START Raw data

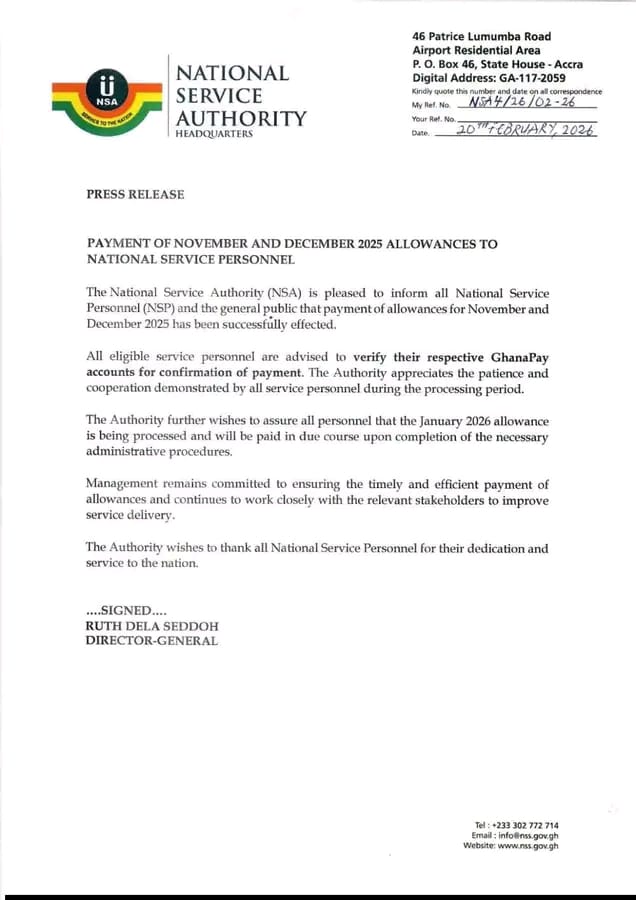 The National Service Authority (NSA) has officially announced the successful payment of allowances for November and December 2025 to all National Service Personnel (NSP) across the country.
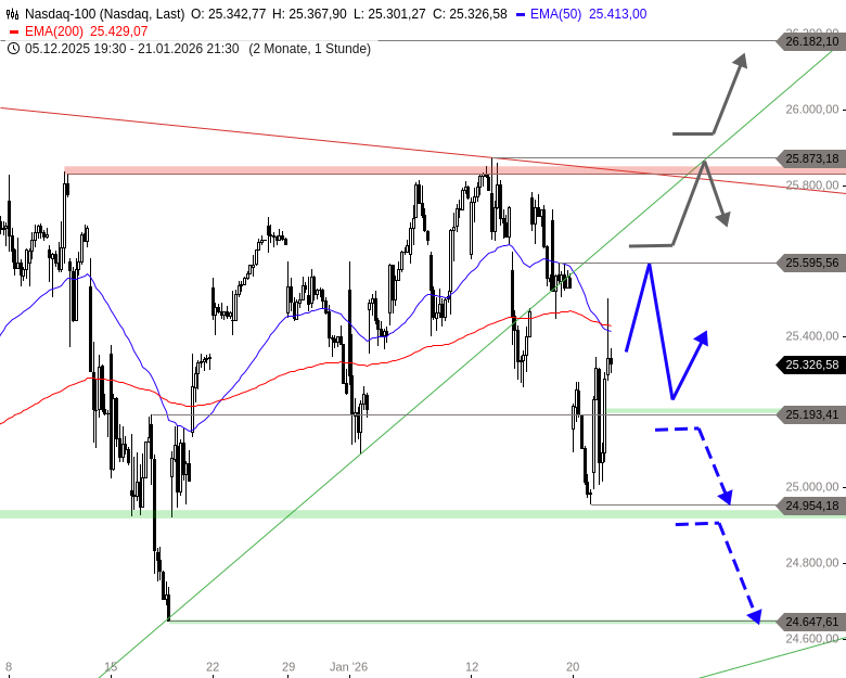 Ein Anstieg über 25.595 Punkte müsste mit einem Sprung über 25.640 Punkte bestätigt werden, um Kurse um 25.800 Punkte zu erreichen.
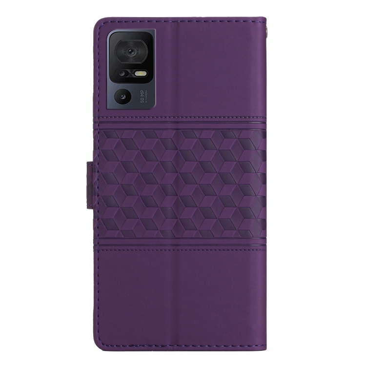 Estuche para TCL 40 SE de Cuero con Sensación de Piel en Relieve y Cordón (Púrpura)
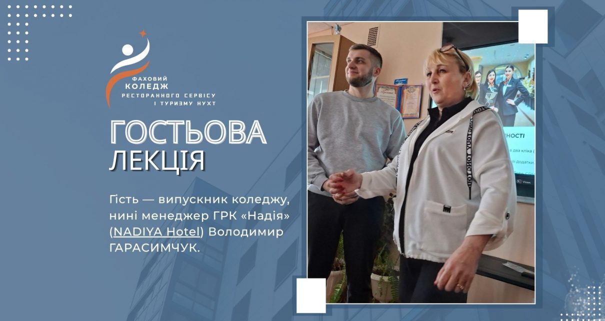 Маркетинг лідера ринку: як ГРК «Надія» формує стандарти гостинності У ВСП «Івано-Франківський фаховий коледж ресторанного сервісу і туризму НУХТ» відбулося відкрите заняття у форматі гостьової лекції, яке вийшло далеко за межі традиційного навчального процесу. До студентів групи ГО-10 (спеціальність «Готельно-ресторанна справа») завітав випускник коледжу, нині менеджер готельно-ресторанного комплексу «Надія» — Володимир Гарасимчук. Заняття проходило за […]

END Raw data

Work to complete: Copy the data character for character, but drop all pictures from the copy.

Expected output:
 The National Service Authority (NSA) has officially announced the successful payment of allowances for November and December 2025 to all National Service Personnel (NSP) across the country.
 Ein Anstieg über 25.595 Punkte müsste mit einem Sprung über 25.640 Punkte bestätigt werden, um Kurse um 25.800 Punkte zu erreichen.
 Estuche para TCL 40 SE de Cuero con Sensación de Piel en Relieve y Cordón (Púrpura)
 Маркетинг лідера ринку: як ГРК «Надія» формує стандарти гостинності У ВСП «Івано-Франківський фаховий коледж ресторанного сервісу і туризму НУХТ» відбулося відкрите заняття у форматі гостьової лекції, яке вийшло далеко за межі традиційного навчального процесу. До студентів групи ГО-10 (спеціальність «Готельно-ресторанна справа») завітав випускник коледжу, нині менеджер готельно-ресторанного комплексу «Надія» — Володимир Гарасимчук. Заняття проходило за […]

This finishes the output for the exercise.